Since the rotational phase of the rotor 1 equals to a rotational phase of the spindle, the displacement of the spindle can be calculated by the arithmetic processor based on the rotational phase of the spindle and the pitch (0.5 mm, for instance) of the lead screw.
However, in the case where the screw pitch of the male screw formed on the spindle is 0.5 mm or 0.635 mm, since the displacement per one rotation of the spindle is small, the spindle has to be rotated for many times every time an object to be measured is changed, which raises a problem in operational performance.
A method to increase the displacement of the spindle per one rotation is, for instance, to increase the pitch of the lead screw up to 1 mm to 2 mm so as to increase an advancing/retreating amount per one rotation of the spindle.
By increasing the pitch of the lead screw up to 1 mm to 2 mm, since the advancing/retreating amount of the spindle per one rotation is increased, there will be no doubt that the operational performance can be improved due to increased displacing speed of the spindle.
However, when the pitch of the lead screw is increased, detection accuracy and detection resolution of the rotation detector have to be improved correspondently. For instance, when the pitch of the lead screw is increased by 4 times, if the detection resolution for the phase remains unchanged, the detection resolution for the displacement of the spindle will simply be reduced to ¼.

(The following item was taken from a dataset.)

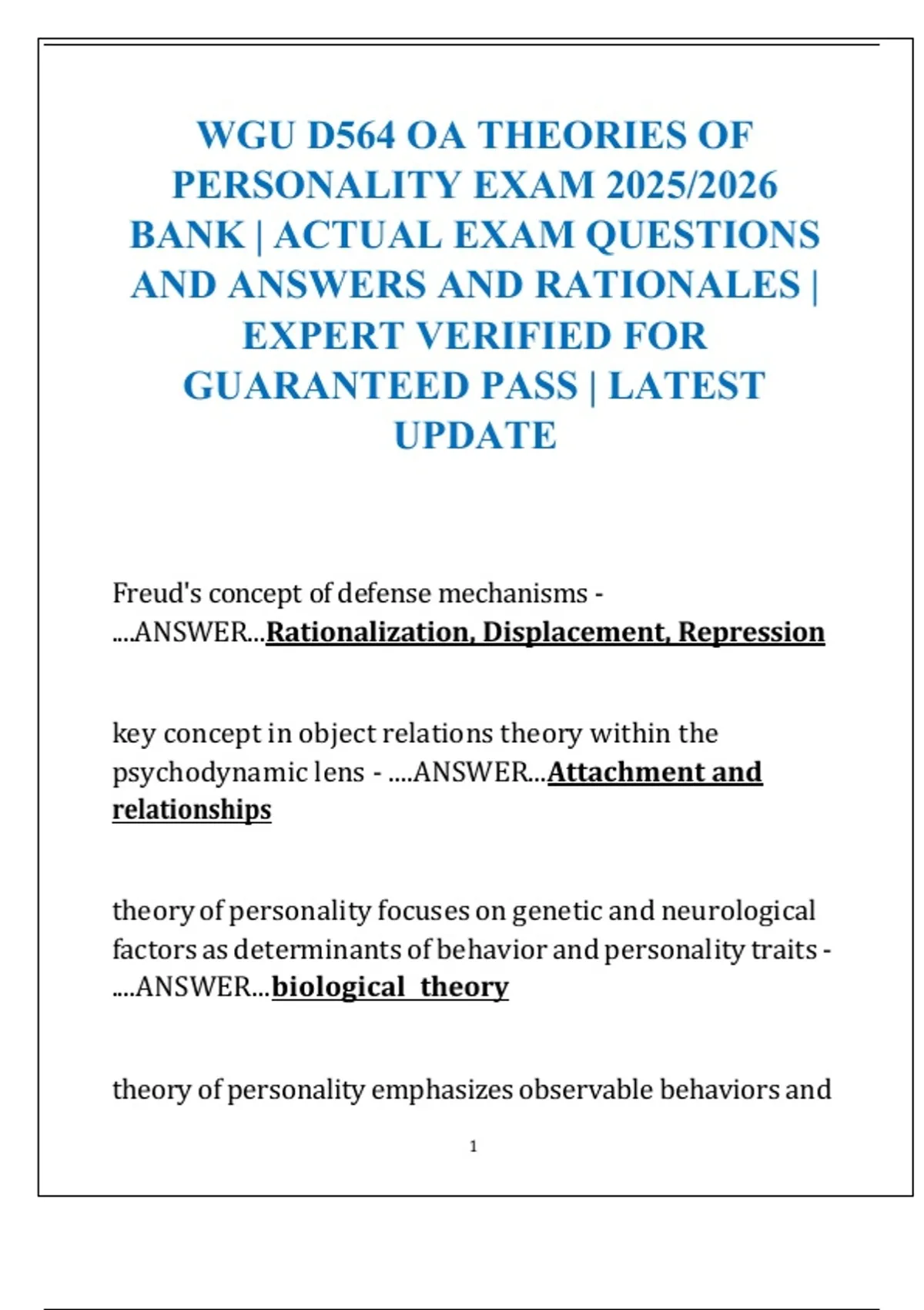 WGU D564 OA THEORIES OF PERSONALITY EXAM 2025/2026 BANK | ACTUAL EXAM QUESTIONS AND ANSWERS AND RATIONALES | EXPERT VERIFIED FOR GUARANTEED PASS | LATEST UPDATE
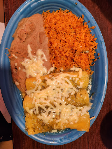 The food was quite abominable. It was not in the same ballpark as average Mexican fare. It wasn't exactly cheap, either. The enchiladas verdes were lacking in meat, and had half a whole red tomato within. I do not know why it was in there, as it was not mentioned in the ingredients and only found in 2 of the 3 enchiladas. The meat was bland and verging on questionable edibility. The verde sauce was just wet and green. It didn't have that usual tanginess associated with the "standard" green tomatillo sauce. Beans were runny like soup. I've never had runny, refried beans. Rice was fine, I guess.

In order to increase the detection resolution per one rotation of the spindle, a feasible method is to reduce sizes of the electrode plates of the transmitting terminal 21 to increase the number of the electrode plates, so that minute change of the rotation angle of the rotor 1 can be detected. However, when the number of the electrode plates of the transmitting terminal 21 is increased, since the electrode plates of the transmitting terminal 21 electrostatically coupled with the coupled terminal 11 vary when the rotor 1 is rotated by minute angle, variation period of the potential of the receiving terminal 22 becomes short.
Thus detection errors such as skip-read of the pulse signal will frequently occur in the phase calculator, which will cause a problem that angle variation of the rotor 1 can not be accurately caught up.
A feasible solution to the problem is to shorten a sampling period at which the potential of the receiving terminal 22 is sampled, however the room for shortening the sampling period is limited depending on a speed of an IC and the like. Further, if the sampling period is shortened, since the pulse signal becomes easily affected by disturbance such as noise, detection accuracy will unexpectedly decrease due to electric disturbance from outside. Further, if the sampling period is shortened, power consumption will increase, so that the battery service life will be reduced.
Since it could not be achieved to detect the displacement of the spindle at high accuracy and high resolution with a spindle having a high lead screw, it is desirable to provide a measuring instrument whose spindle can be displaced at high speed, and therefore has good operational performance as well as high detection accuracy and high detection resolution.